Barbosa fixa prazo máximo de espera em hospital

O tempo máximo de espera para internação psiquiátrica no hospital de Messejana, em Fortaleza, deve ser de seis horas. Esta foi a decisão, em caráter de urgência, do ministro Joaquim Barbosa, presidente do Supremo Tribunal Federal, ao analisar um recurso do governo cearense. A liminar ainda será julgada pelo Plenário da corte e cabe recurso.

A questão chegou à Justiça em 2011, quando um médico do próprio hospital procurou Defensoria Pública da União e relatou que a quantidade de leitos para internação de pacientes psiquiátricos não atendia a demanda. A instituição, administrada pelo governo estadual, recebeu a visita de integrantes do setor de serviço social da DPU em Fortaleza.

À época, a DPU entrou com ação pedindo que seja estipulado um limite de tempo para a fila de espera por internação. A Justiça concedeu liminar impondo o limite de seis horas para que o paciente seja atendido.
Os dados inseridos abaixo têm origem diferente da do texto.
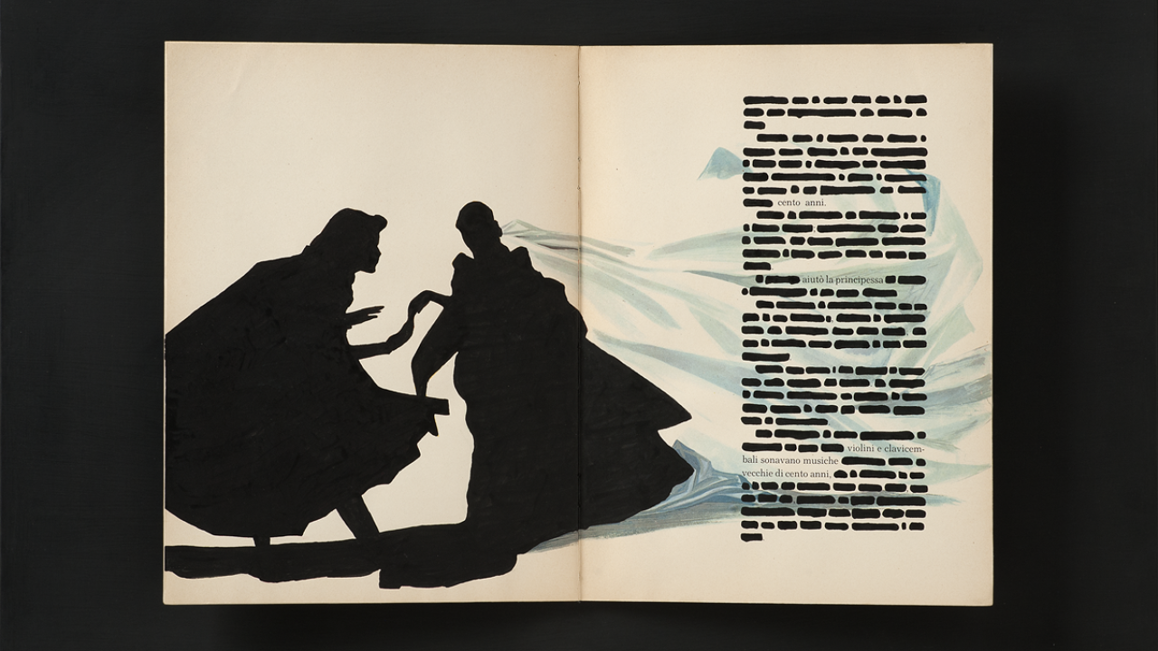 C’è oggi una fiaba è una mostra costruita come un racconto corale in cui la fiaba classica prende forma attraverso le opere di alcuni tra i protagonisti dell’arte moderna e contemporanea. Da Osvaldo Licini a Fausto Melotti, da Lucio Fontana a Michelangelo Pistoletto, da Piero Gilardi a Giuseppe Penone fino a Yves Klein, Carol Rama, Aldo Mondino, Emilio Isgrò, Luigi Mainolfi, Emanuele Luzzati, Joseph Kosuth, Kiki Smith, Grazia Toderi, Pinot Gallizio, Luigi Veronesi, Joseph Beuys, Sofia Cacherano di Bricherasio e Giuseppe Pietro Bagetti, il percorso intreccia linguaggi, epoche e sensibilità differenti per restituire la fiaba non solo come genere letterario o illustrativo ma come struttura del pensiero visivo. Le opere, che provengono da istituzioni torinesi (GAM, Museo della Frutta, Musei Reali, Teatro Regio, MUSLI), da importanti collezioni private, fondazioni, gallerie internazionali e librerie antiquarie, non illustrano storie: ne assumono i meccanismi profondi - lo specchio, il bosco, l’oggetto magico, la scarpetta, la metamorfosi, il lieto fine - trasformando il Castello di Miradolo in uno spazio intimo e insieme collettivo. È una mostra che mette a confronto le immagini con la dimensione immaginaria del racconto. Non una sequenza di opere, quindi, ma stanze come capitoli, oggetti come indizi, immagini come soglie.
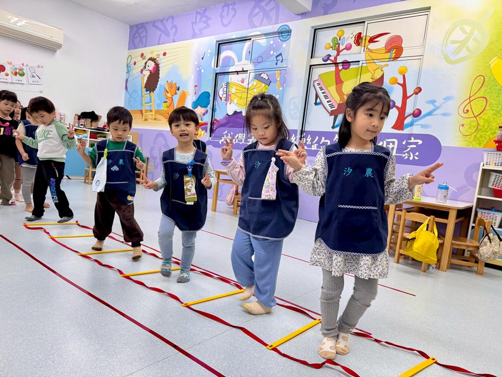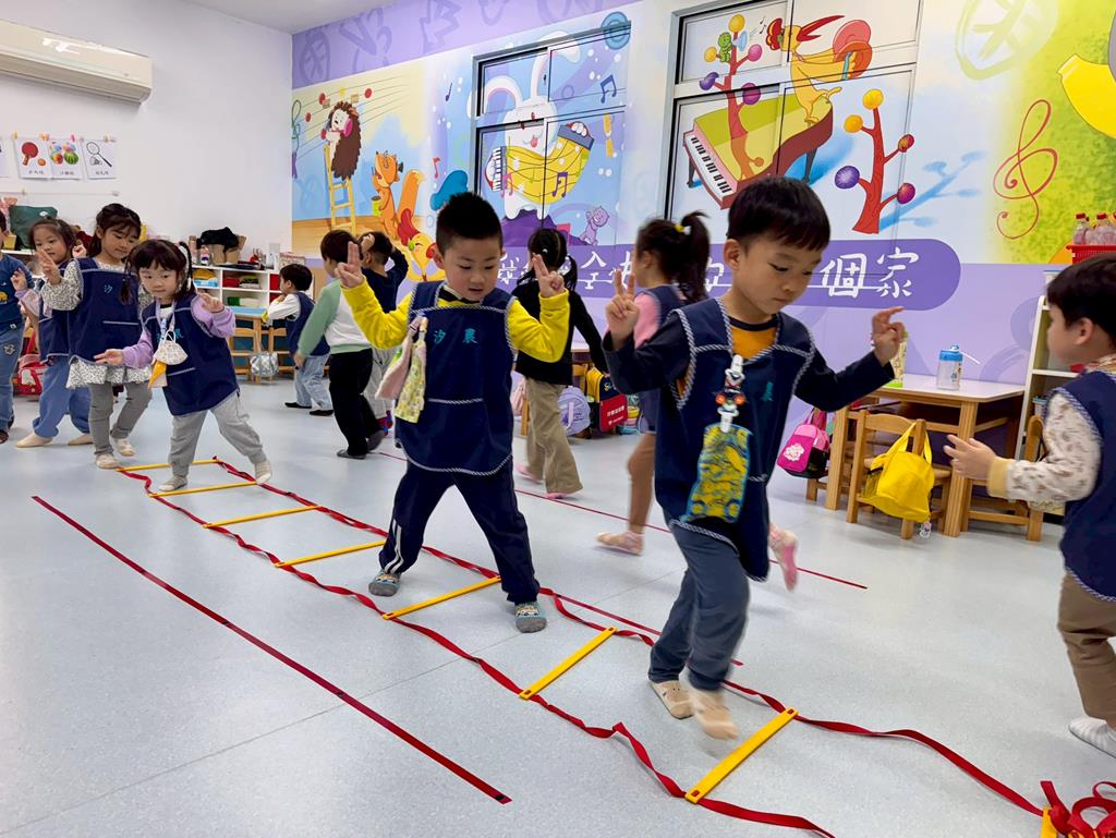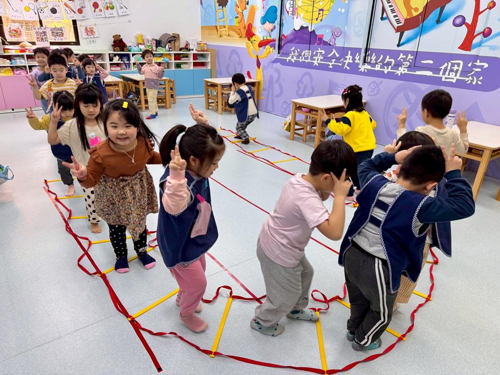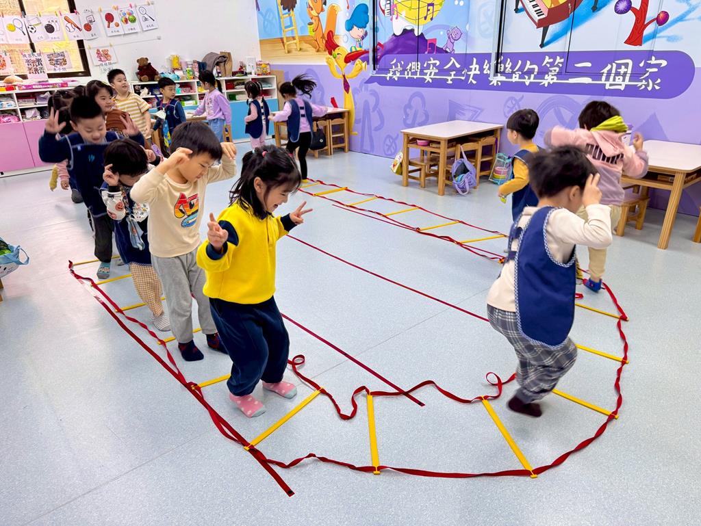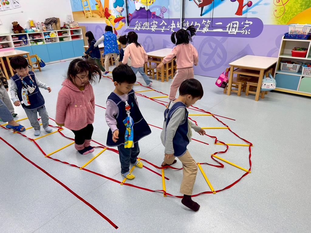 小兔子跳,雙腳併龍,一格一跳前進跳。

O governo estadual recorreu e o caso foi parar no Supremo Tribunal Federal.

Relatório
As assistentes sociais da DPU no Ceará elaboraram relatório em 2011 sobre a situação das pessoas que esperam pela internação no hospital Messejana. De acordo com o documento, observou-se que alguns pacientes precisavam ser internados imediatamente e tinham de esperar até mais de uma semana em um pátio descoberto do hospital.

O texto apresenta depoimentos de familiares que aguardam na fila pelo atendimento. “Precisamos passar noites e não há lugar para dormir, todos aqui se acomodam como podem, em bancos ou cadeiras que estiverem vazias”, relatou uma pessoa que acompanhava um parente.
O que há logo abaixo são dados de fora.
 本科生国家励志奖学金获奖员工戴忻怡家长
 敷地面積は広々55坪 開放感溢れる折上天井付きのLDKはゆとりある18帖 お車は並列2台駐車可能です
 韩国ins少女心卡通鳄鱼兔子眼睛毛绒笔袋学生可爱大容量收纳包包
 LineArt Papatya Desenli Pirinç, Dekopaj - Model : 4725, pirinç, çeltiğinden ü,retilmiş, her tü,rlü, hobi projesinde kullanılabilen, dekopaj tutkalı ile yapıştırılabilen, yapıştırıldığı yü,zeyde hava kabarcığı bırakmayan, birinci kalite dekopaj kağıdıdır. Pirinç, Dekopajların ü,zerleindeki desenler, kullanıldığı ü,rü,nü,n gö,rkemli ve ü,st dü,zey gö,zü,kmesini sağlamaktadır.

Outro problema apontado pelas assistentes sociais é a falta de medicamentos. Em alguns casos, o quadro dos pacientes se agrava quando o hospital não fornece remédios. “Quando ele deixa de tomar [a medicação], começa a quebrar tudo, fica muito agressivo”, disse a familiar de um paciente. Com informações da Assessoria de Imprensa da DPU.